I work in an aquatics store, and ponds are my department so i hope this helps! 

PS dont skimp out on anything if you wanna do it properly!!


----------



## Philko (Aug 18, 2014)

gchannon said:


> Depending on what advice you want in regards to this really, i personally would make the pond 1.5m deep the whole way round so it gives the bottom drain the best chance to do its job.
> 
> In addition to the Eazy Pod, i would probably use an Elecro Powerbead 85, to draw out any larger particles floating within the system, as the Eazy Pod may struggle to do so initially, especially if you chuck loads of fish in at once.
> 
> ...


Thanks for the advice!
I take it the Elecro Powerbead 85 is a skimmer?

Never heard of Potassium Permanganate before in use with the K1 in the filter so thats really helpful and ill will store this info away when i need it. 

I have a question on flow?
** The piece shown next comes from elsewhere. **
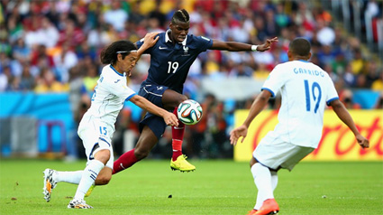 Paul Pogba (19) tranh bóng với Roger Espinoza của Honduras. Ảnh: Getty |
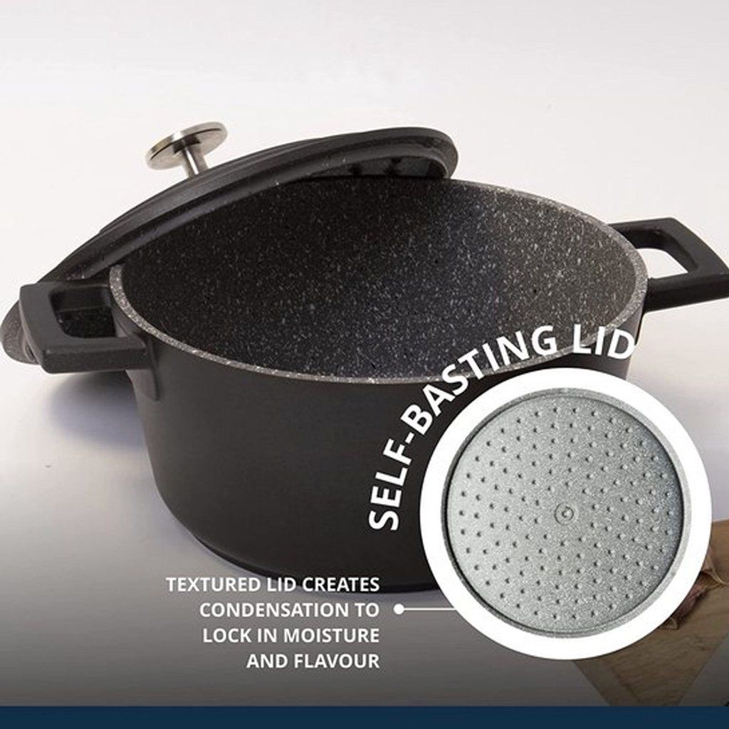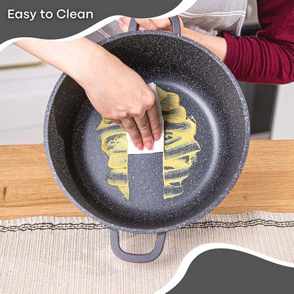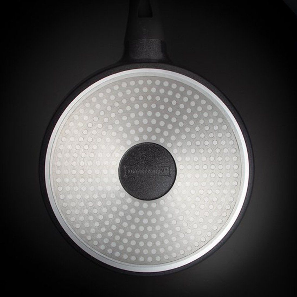 Az edénykészlet nyomás alatt öntött alumíniumból készült. Az edények és serpenyők belső része antibakteriális, tapadásmentes márvány bevonattal van ellátva, amely lehetővé teszi az egészséges főzést minimális mennyiségű olajjal. A megerősített alj lehetővé teszi az egyenletes hőelosztást, és a kiváló hővezetésnek köszönhetően a hő gyorsabban oszlik el. Aindukciós főzőlapokhoz alkalmas.

Should i use a 3" or 4" bottom drain for the easy pod? my pump will be around 8000 litres per hour to tie in with my pond volume....will the easy pod operate at its optimum level with this rate? 

Thanks,
Phil.


----------



## baitman (Jan 13, 2011)

Just a little side note, the uv needs to be before the filter, not after......


----------



## johne.ev (Sep 14, 2008)

I would have the uv after the filter. You don't want dirty water going through the uv ideally.


----------



## Philko (Aug 18, 2014)

johne.ev said:


> I would have the uv after the filter. You don't want dirty water going through the uv ideally.


Thats what i thought as the big local water garden centre that has all the pro kit (neuxs 310) has there big UV units after the filters and pumps then through the UV into the crystal clear big koi tanks.

Whats the general opinion of this?


----------



## 170pand (Dec 22, 2008)

If it's gravity fed 
It goes
Bottom drain. Filter. Pump Uv. Pond. 
Pump fed. Pump. Uv. Filter. Pond. 

As u cannot fit a uv on a pipe fed before filter as if your using 4 inch pipe your never get it to fit lol hence y u use it on the thinner return pipes


----------